Millet İttifakı’nın toplantısının ardından cumhurbaşkanı adayı konusunda partisiyle istişare etmek üzere partisinin Genel İdare Kurulu ile bir araya gelen İYİ Parti Genel Başkanı Meral Akşener, CHP Genel Başkanı Kemal Kılıçdaroğlu’nun cumhurbaşkanı adaylığına ‘ret oyu’ verdiklerini açıkladı.
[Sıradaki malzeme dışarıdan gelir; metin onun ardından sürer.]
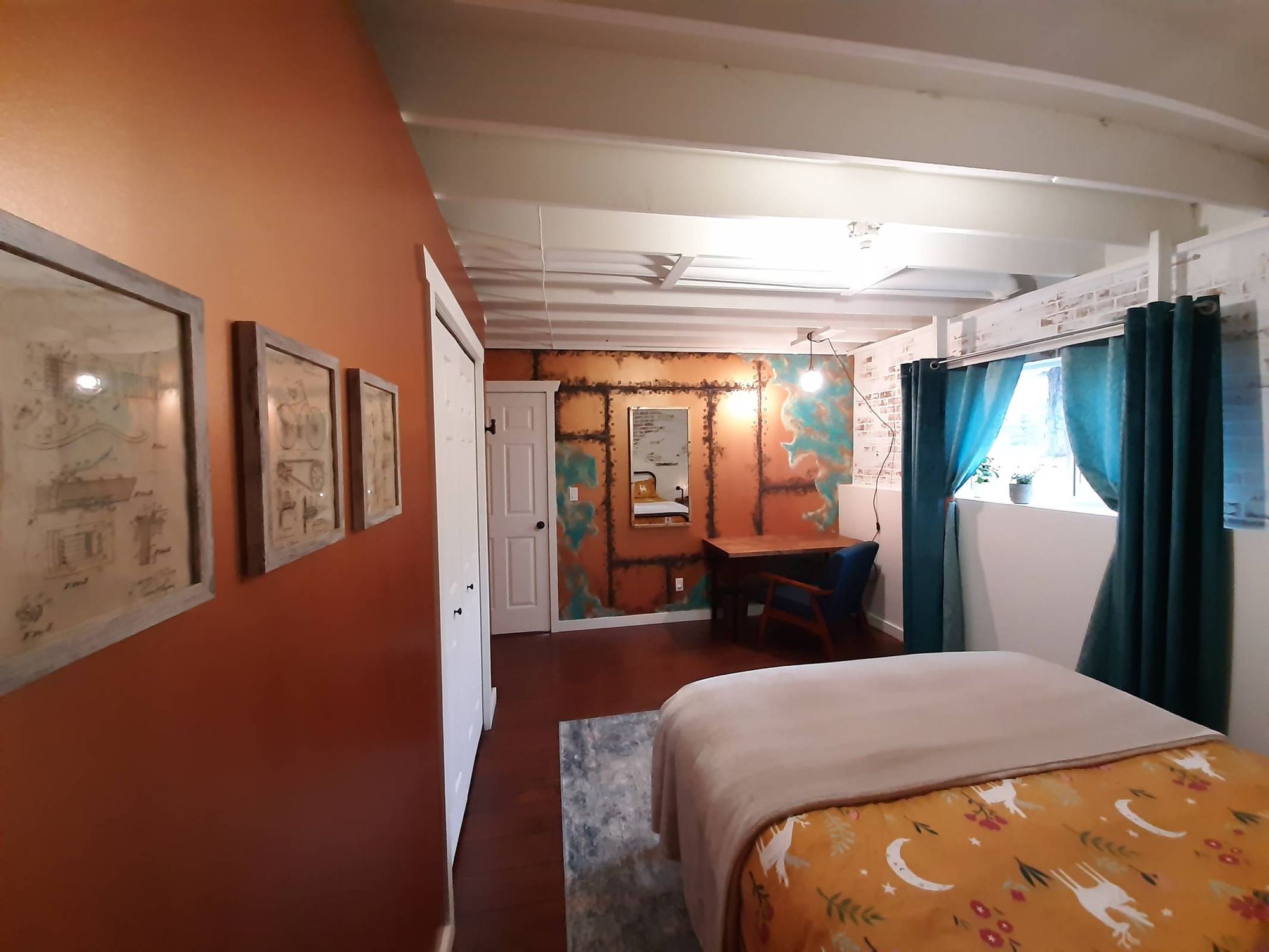 Objets réutilisés : matelas queen, rideaux x 2 ensembles et pôles, miroir, poignées de porte et pentures, peinture, housse de lit, couette, draps et oreillers, bureau et ses papattes

Akşener, anketlerde ismi öne çıkan Ankara Büyükşehir Belediye Başkanı Mansur Yavaş ve İstanbul Büyükşehir Belediye Başkanı Ekrem İmamoğlu’nu önerdiklerini ancak Millet İttifakı’nda bu önerinin kabul edilmediğini söyledi, iki belediye başkanına çağrıda bulundu.
Akşener şöyle konuştu:
“Geldiğimiz noktada İYİ Parti bir kıskaca alınmış, bir dayatmaya mecbur bırakılmış, ölümle sıtma arasında bir tercihe zorlanmıştır. Buna boyun eğmeyecektir. Devşirme siyasetin hınk deyicisi olamayacaktır.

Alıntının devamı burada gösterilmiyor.